Hyper parameter tuning for Keras models with Scikit-Learn library

Published in

The Startup

5 min readDec 13, 2019

Keras is a neural-network library for the Python programming language capable of running with many deep learning tools such as Theano, R or TensorFlow and allowing fast iteration for experimenting or prototyping neural-networks.

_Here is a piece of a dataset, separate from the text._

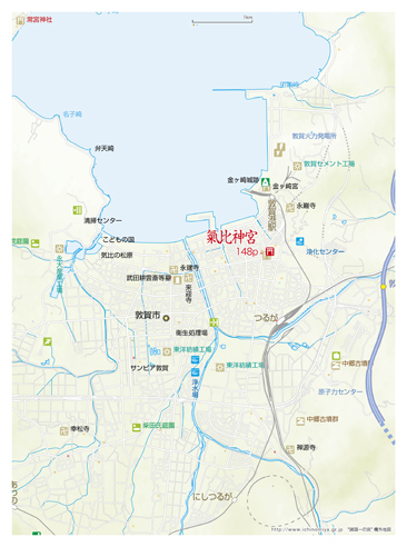 JR敦賀駅から北に1.5kmのところ、近江と越前国に通じる北国街道に面して、青松の茂る広い森がある。緑の神域に総朱塗りの大鳥居が目に入る。この鳥居は正保2年(1645)の建造で、笠木の上に屋根を冠せた両部鳥居の形式で重文になっている。境内は3万7135平方m(1万1253坪)で大鳥居から参道を行くと中鳥居がある。木造朱塗りで寛保3年(1743)に若狭国小浜藩酒井忠用の再建によるものである。本殿は慶長19年(1614)造営の国宝であったが、戦災で焼失してしまった。

Whether you are prototyping a neural network model in Keras to get a feel for how it will perform the required task or fine tuning a model you have build and tested, there are many parameters to consider for your model. These model parameters are referred to as hyper parameters. The activation function of used in your layers is an example of a hyper parameter. The number of layers in the model, number of neurons per layer or the size of the kernel in a CNN can all be considered hyper parameters.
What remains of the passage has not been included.